Last month, I wrote about a growing movement of youth grantmaking programs that we're now tracking on YouthGiving.org. Earlier this month, I was in Disneyland at the annual Youth Philanthropy Connect conference, where as a community, we stood paralyzed in sadness as we learned of the deaths of Alton Sterling, Philando Castile, Lorne Ahrens, Michael Krol, Michael Smith, Brent Thompson, and Patrick Zamarripa. The juxtaposition of the "happiest place on earth" with — as we discussed openly at the conference — "tough stuff" was chilling. It also was illuminating, leading to important discussions about racism, power and privilege, community, connection, and empathy.

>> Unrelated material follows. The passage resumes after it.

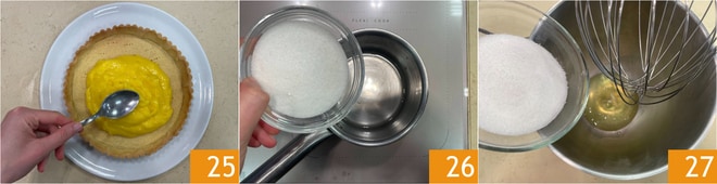 Geben Sie den Lemon Curd auf den Boden 25, glätten Sie ihn mit der Rückseite eines Löffels und lassen Sie ihn dann 12 Stunden im Kühlschrank ruhen. Nach dieser Zeit können Sie sich an die Zubereitung des italienischen Baisers machen. Gießen Sie in einen kleinen Topf Wasser und 150 g Zucker 26 und bringen Sie es auf eine Temperatur von 121°C. In die Schüssel der Küchenmaschine die Eiweiße geben, 50 g Zucker hinzufügen 27 und steif schlagen.

Philanthropy has the power to act. It has the power to raise its voice, take a stance, and invest money in initiatives that address root problems and structural issues in our world. It has the power to empower disadvantaged communities to be a part of changemaking. This can come in any size and form. One example: Down the street from my apartment, the Brooklyn Community Foundation's first-ever youth grantmaking committee awarded Youth Voice Awards two months ago. One went to 17-year-old Shaqur Williams, who partnered with a local arts nonprofit, Off the Page, to produce a play debuting this week about race and policing. Another: The Washington Regional Association of Grantmakers hosted a learning series called "Putting Racism on the Table." With powerful and publicly shared talks from field leaders and accompanying resources, we strengthen our collective understanding of the complicated dynamics underlying these tragic events and acknowledge together what cannot be ignored.
And, even when we may not be able to act with funds or with convening power, we can act with empathy and compassion. Difficult events happen in the world every day, and while the media amplifies some and not others, we need to acknowledge that everyone is affected at some point based on past experiences, values, and identity. We may have different points of view, but everyone feels pain and frustration in the context of the world around them in some way, at some time. Use your power to acknowledge "tough stuff" experienced by peers, grantees, your staff, and your broader community; it will build trust and connection, the essential preconditions for long-term change.
IssueLab, a service of Foundation Center, has just released a new Special Collection on Race and Policing, which GrantCraft users might be interested in. This special collection includes research from nonprofits, foundations, and university-based research centers, who have not only described and documented the issues of racism and discrimination in policing practices, but who also provide much-needed recommendations for addressing this chronic and tragic problem.